Шестнадцатая лекция развивает политическую проблематику через Гоббса. В естественном состоянии зло уже не обязательно требует демонического объяснения: равенство уязвимости, соперничество и страх производят войну всех против всех, а устойчивый язык добра и зла возникает вместе с общественным договором и законом. Тем самым нравственный порядок получает отчетливое социальное измерение. Семнадцатая лекция сталкивает Монтеня и Паскаля. Монтень опасается фанатической уверенности и видит спасительную добродетель в скептической умеренности, способности терпеть человеческую изменчивость и не превращать собственную правоту в основание насилия. Паскаль, напротив, видит опасность в духовной теплохладности и «развлечении», посредством которого человек уклоняется от встречи со своей конечностью и греховностью. Оба мыслителя, при всех различиях, обнаруживают зло внутри нестабильного человеческого «я». Восемнадцатая лекция посвящена «Потерянному раю» Мильтона и возвращает разговор к космическому масштабу. Сатана у Мильтона обладает великолепной риторикой свободы, но по мере повествования становится очевидно, что его мнимая независимость есть рабство собственной гордости. Благодаря этому художественное повествование делает то, что не удается сухой дефиниции: позволяет увидеть самообман изнутри, проследить, как акт свободы постепенно превращается в неспособность желать иного.

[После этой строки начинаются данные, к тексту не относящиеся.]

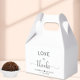 Elegant wedding favor box featuring "love + thanks" in simple modern typography and a stylish script, your first names joined together by a heart and your wedding date.

Девятнадцатая лекция выводит курс к кризису классической теодицеи в эпоху Просвещения. Пьер Бейль обнаруживает рациональную силу дуалистических объяснений и тем самым заставляет христианскую мысль признать трудность согласования зла с благостью Творца; Лейбниц отвечает знаменитой концепцией «наилучшего из возможных миров», в котором возможность свободного нравственного действия предполагает риск злоупотребления свободой. Лиссабонское землетрясение делает теоретический спор почти невыносимо конкретным: Вольтер атакует философский оптимизм, Руссо по-иному распределяет ответственность между природой и человеческой организацией общества, а Юм доводит эмпирическую критику естественного богословия до предела. Двадцатая лекция о Канте представляет принципиальный поворот: теоретический разум не способен построить убедительную теодицею, выходящую за границы возможного опыта, но нравственный опыт обнаруживает «радикальное зло» в самой способности воли подчинять моральный закон себялюбию. Тем самым проблема перестает быть только вопросом о том, почему Бог допускает зло, и становится вопросом о том, почему свободный субъект делает зло основанием своих максим. Двадцать первая лекция о Гегеле вновь расширяет масштаб: отчуждение, отрицание и конфликт становятся моментами исторического становления духа. История оказывается «бойней», но не бессмысленной; через отрицание возникает новое самосознание. Мэтьюз показывает одновременно притягательность и нравственную опасность этой модели: если зло получает функцию внутри общего прогресса, всегда существует риск слишком быстро примирить конкретную жертву с предполагаемым смыслом целого.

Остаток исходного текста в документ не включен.